Exercise description. Below are records with pictures. Reproduce exactly the lines from the line with "味付けはいつもの「創味シャン" to the line with "người phụ thuộc.", inclusive, and leave each picture out.

Records to use.
= = = = =
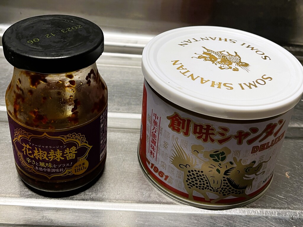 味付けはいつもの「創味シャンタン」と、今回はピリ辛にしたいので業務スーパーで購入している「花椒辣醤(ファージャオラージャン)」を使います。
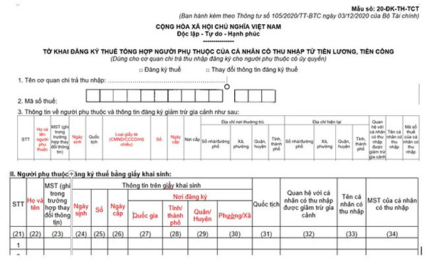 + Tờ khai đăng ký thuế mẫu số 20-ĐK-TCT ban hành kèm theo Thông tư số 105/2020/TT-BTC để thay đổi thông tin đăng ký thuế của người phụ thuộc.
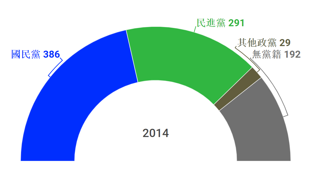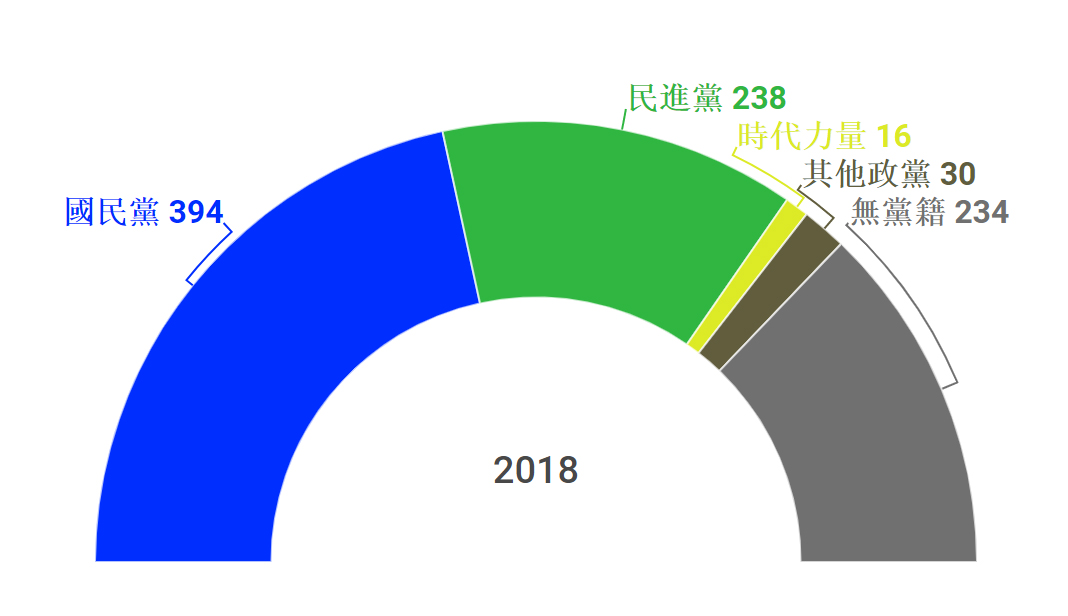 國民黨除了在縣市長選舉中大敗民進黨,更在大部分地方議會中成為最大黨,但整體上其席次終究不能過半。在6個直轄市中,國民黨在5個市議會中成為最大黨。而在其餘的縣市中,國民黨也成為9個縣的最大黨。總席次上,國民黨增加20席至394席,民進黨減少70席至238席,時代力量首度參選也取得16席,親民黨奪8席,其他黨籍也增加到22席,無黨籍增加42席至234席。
= = = = =
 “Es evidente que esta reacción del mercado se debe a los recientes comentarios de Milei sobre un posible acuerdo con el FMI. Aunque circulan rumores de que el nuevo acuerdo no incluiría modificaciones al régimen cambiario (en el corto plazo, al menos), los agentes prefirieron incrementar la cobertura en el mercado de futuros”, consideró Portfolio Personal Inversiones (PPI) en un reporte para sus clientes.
= = = = =
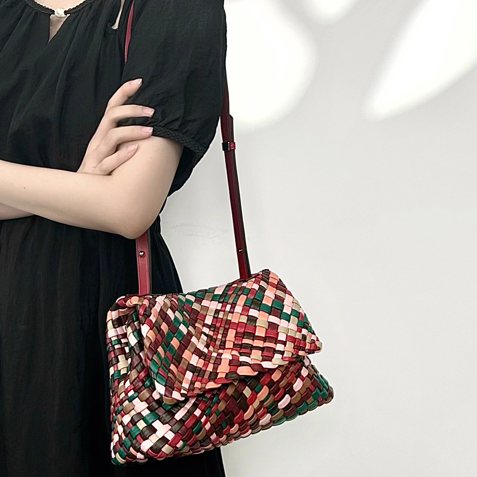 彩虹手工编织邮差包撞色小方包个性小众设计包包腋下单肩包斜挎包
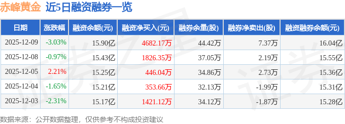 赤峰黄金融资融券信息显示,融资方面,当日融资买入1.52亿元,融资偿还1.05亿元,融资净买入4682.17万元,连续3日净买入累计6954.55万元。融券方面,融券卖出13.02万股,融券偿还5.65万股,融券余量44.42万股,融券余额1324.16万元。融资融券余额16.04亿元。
= = = = =
Answer to the problem.
 味付けはいつもの「創味シャンタン」と、今回はピリ辛にしたいので業務スーパーで購入している「花椒辣醤(ファージャオラージャン)」を使います。
 + Tờ khai đăng ký thuế mẫu số 20-ĐK-TCT ban hành kèm theo Thông tư số 105/2020/TT-BTC để thay đổi thông tin đăng ký thuế của người phụ thuộc.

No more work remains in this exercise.